● DATA SEGMENT:
......

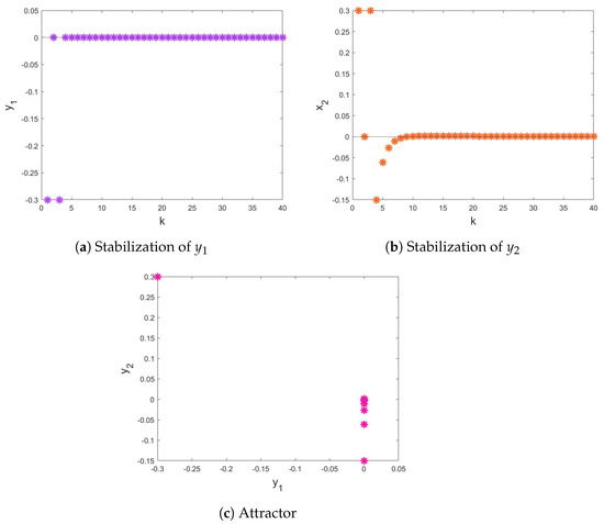 Based on Theorem 2, and since a consequence of , in the direction of , the (27) is asymptotically stable. Figure 11 highlights the stabilization of the controlled incommensurate discrete memristive system (27) for by showing how the system asymptotically becomes .
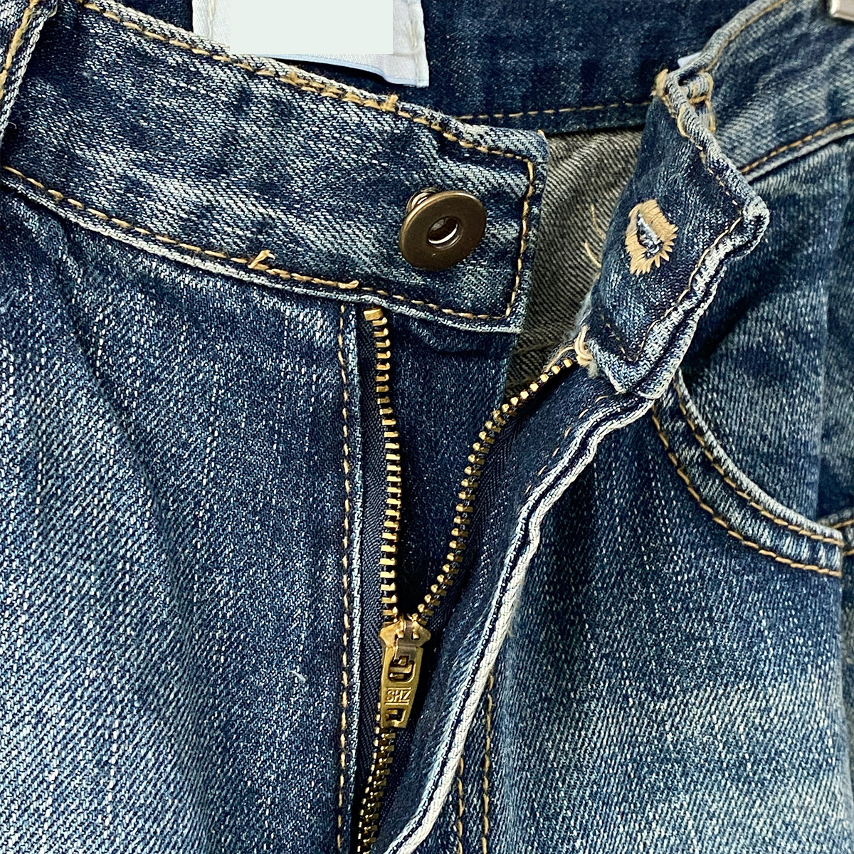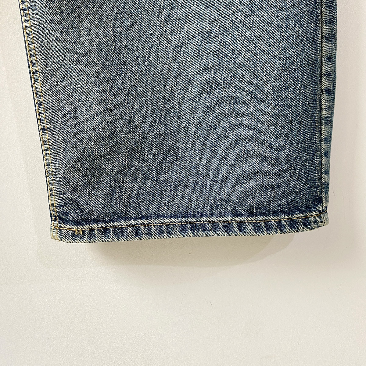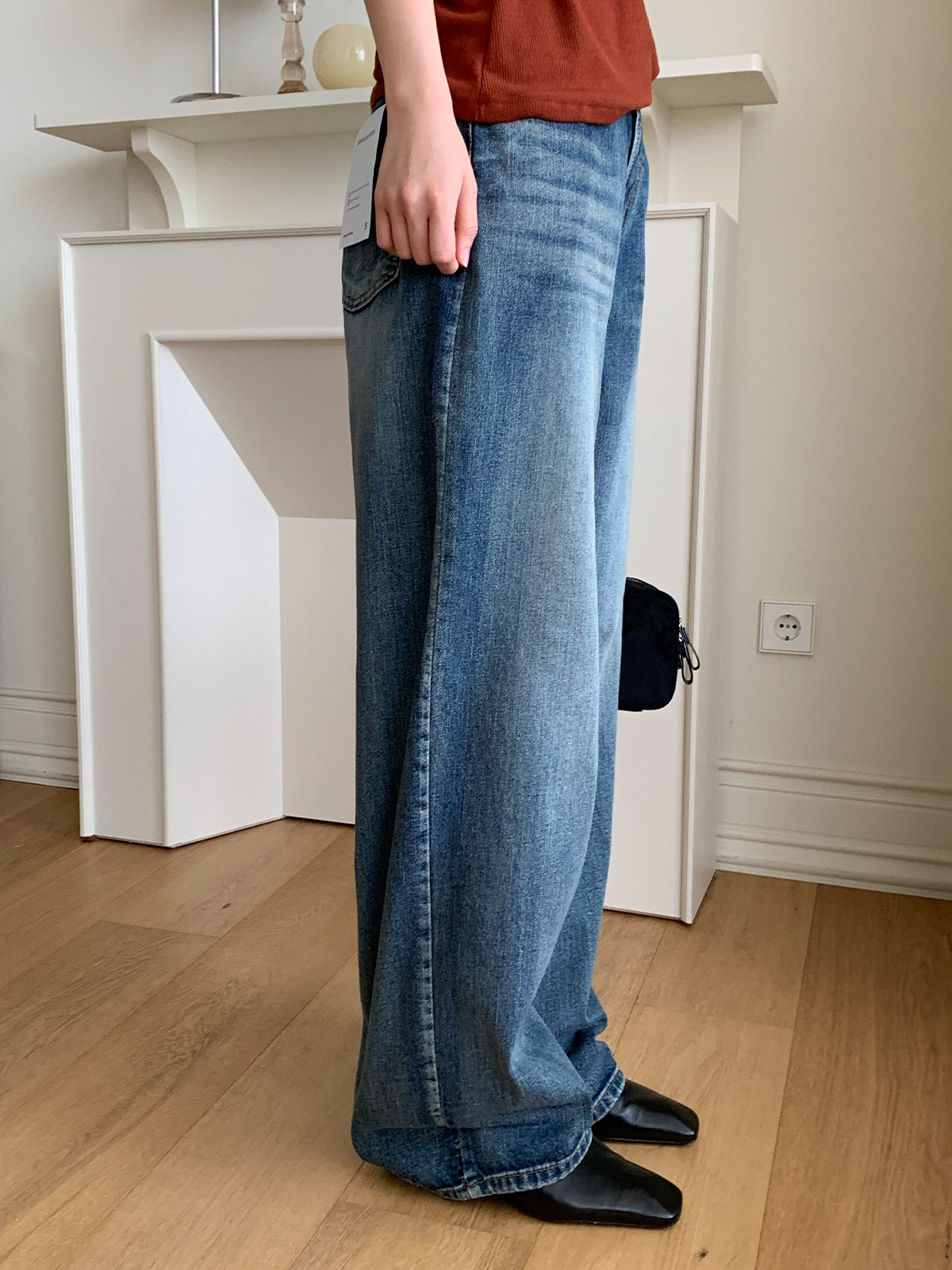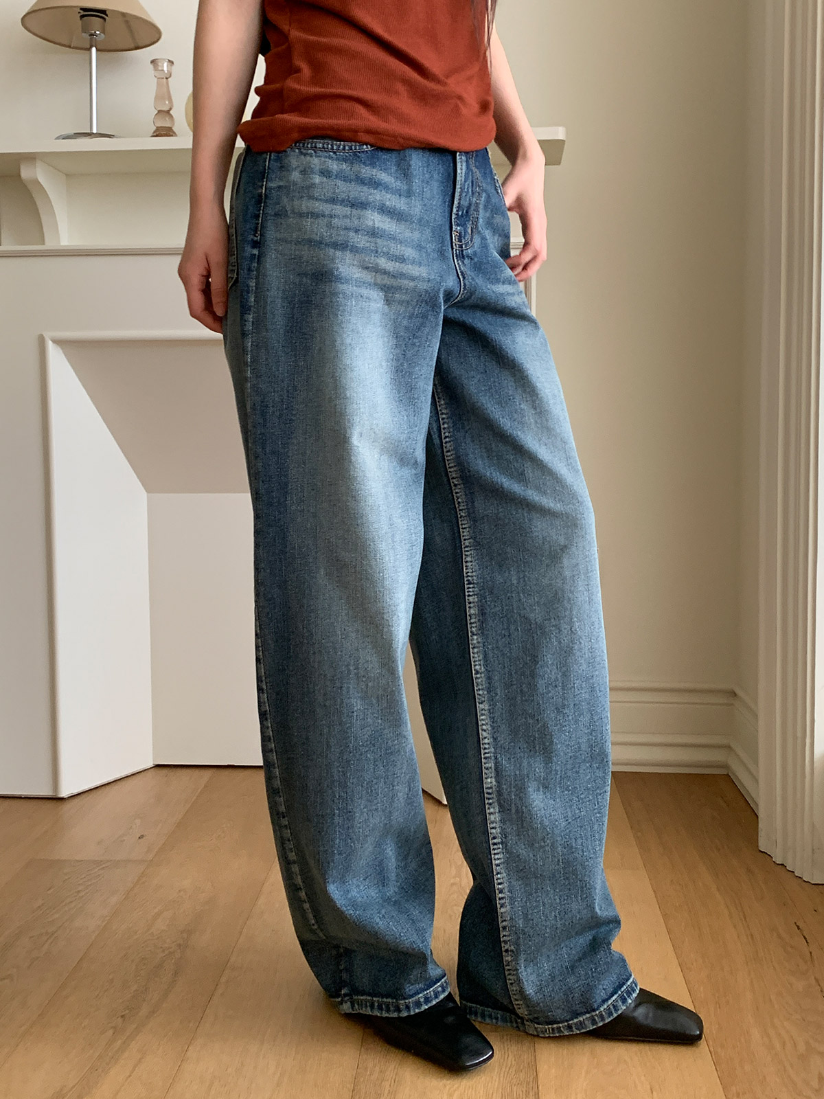 유니크한 커브드 라인으로 떨어지는 빈티지 워싱 와이드 데님 팬츠
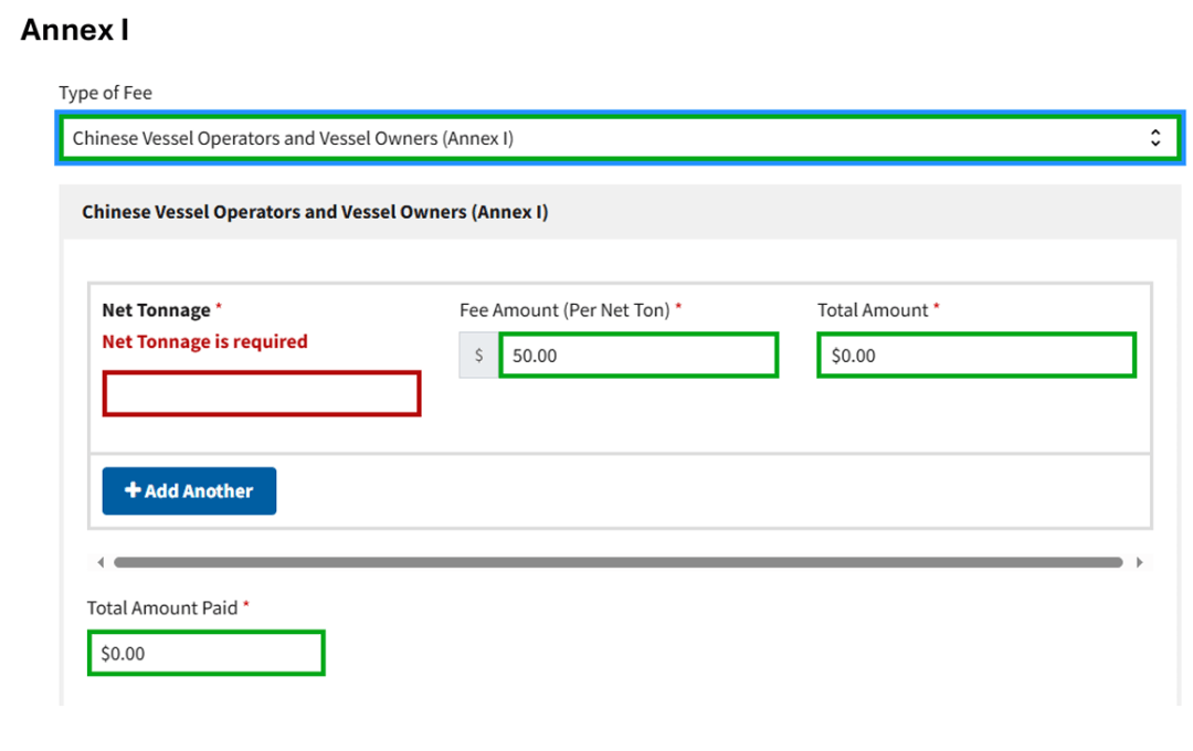 ● 附录 I:对中国实体拥有或运营的船舶征收每净吨50美元的费用;

......

● ASSIGNED TASK:
Reproduce verbatim the opening line of the material and every line after it, up to and including the line with "유니크한 커브드 라인으로 떨어지는 빈티지 워싱 와이드 데님 팬츠", but no pictures.

● EXERCISE RESPONSE:
 Based on Theorem 2, and since a consequence of , in the direction of , the (27) is asymptotically stable. Figure 11 highlights the stabilization of the controlled incommensurate discrete memristive system (27) for by showing how the system asymptotically becomes .
 유니크한 커브드 라인으로 떨어지는 빈티지 워싱 와이드 데님 팬츠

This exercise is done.